BibTeX Click to copy
@article{a2021a,
title = {A quantitative prediction of the post-operative lobectomy lung physiology using a GPU-based linear elastic lung biomechanics model and a constrained generative adversarial learning approach},
year = {2021},
author = {Santhanam, A. and Stiehl, B. and Lauria, M. and Barjaktarevic, I. and Goldin, J. and Yanagawa, J. and Low, D.}
}
Lobectomy is a common and effective procedure for treating early-stage lung cancers. However, for patients with compromised pulmonary function (e.g. COPD) lobectomy can lead to major postoperative pulmonary complications. A technique for quantitatively predicting postoperative pulmonary function is needed to assist surgeons in assessing candidate’s suitability for lobectomy. We present a framework for quantitatively predicting the postoperative lung physiology and function using a combination of lung biomechanical modeling and machine learning strategies.
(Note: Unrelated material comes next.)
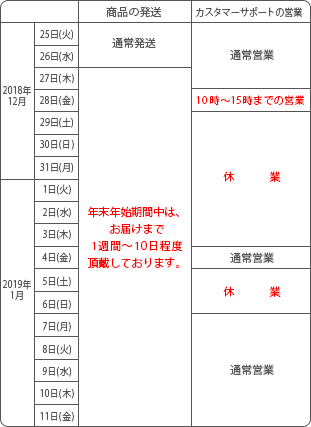年末年始の商品発送およびカスタマーサポートの営業についてのご案内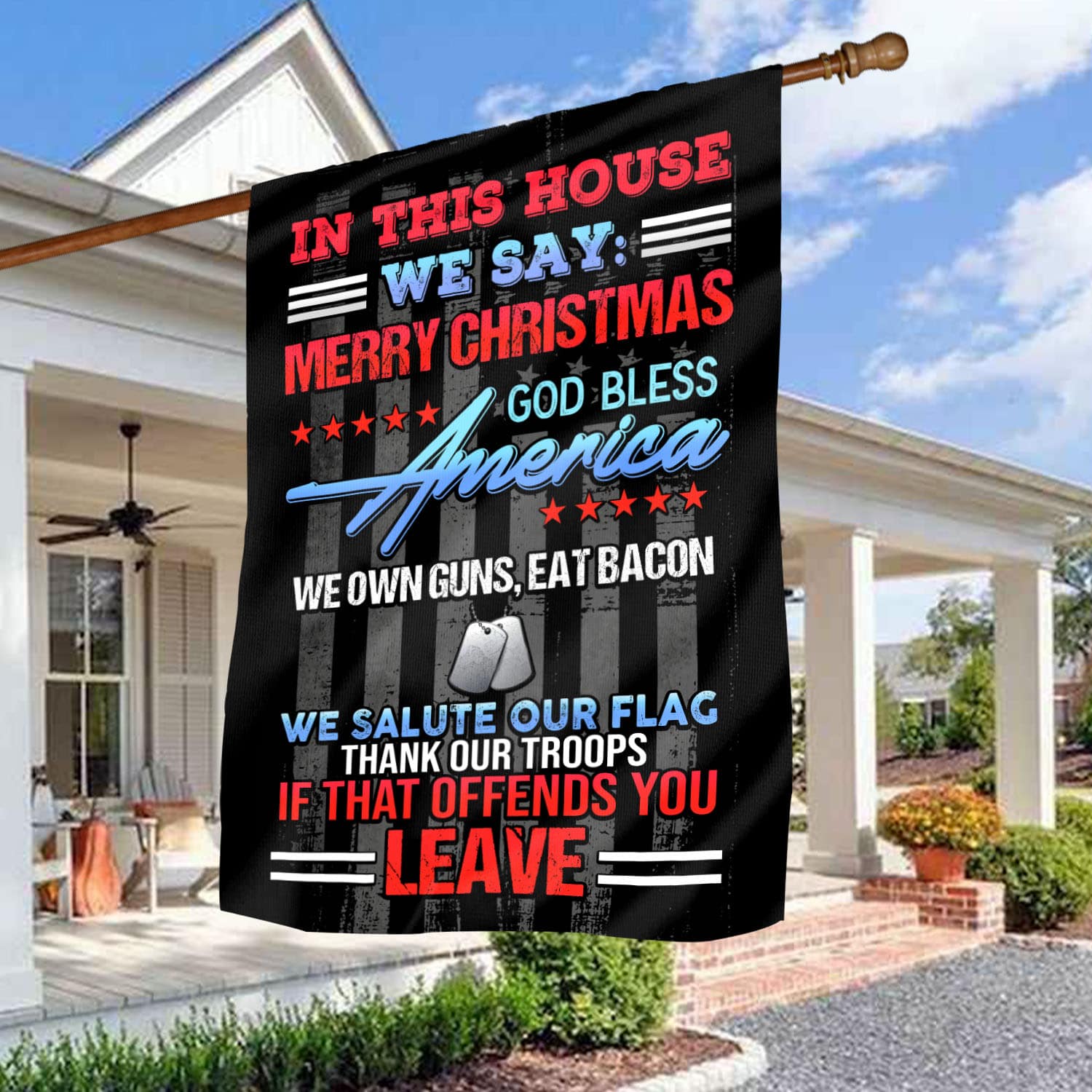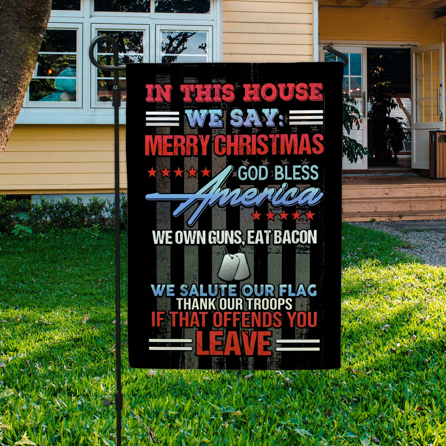 Let’s Shop In This House We Say Merry Christmas We Salute Our Flag If That Offends You Leave Garden Flag – Patriotic House Flag!

A set of 10 patients undergoing lobectomy was used for this purpose. The image input consists of pre- and post-operative breath hold CTs. An automated lobe segmentation algorithm and lobectomy simulation framework was developed using a Constrained Adversarial Generative Networks approach. Using the segmented lobes, a patient-specific GPU-based linear elastic biomechanical and airflow model and surgery simulation was then assembled that quantitatively predicted the lung deformation during the forced expiration maneuver. The lobe in context was then removed by simulating a volume reduction and computing the elastic stress on the surrounding residual lobes and the chest wall. Using the deformed lung anatomy that represents the post-operative lung geometry, the forced expiratory volume in 1 second (FEV1) (the amount of air exhaled by a patient in 1 second starting from maximum inhalation), and forced vital capacity (FVC) (the amount of air exhaled by force from maximum inhalation), were then modeled. Our results demonstrated that the proposed approach quantitatively predicted the postoperative lobe-wise lung function at the FEV1 and FEV/FVC.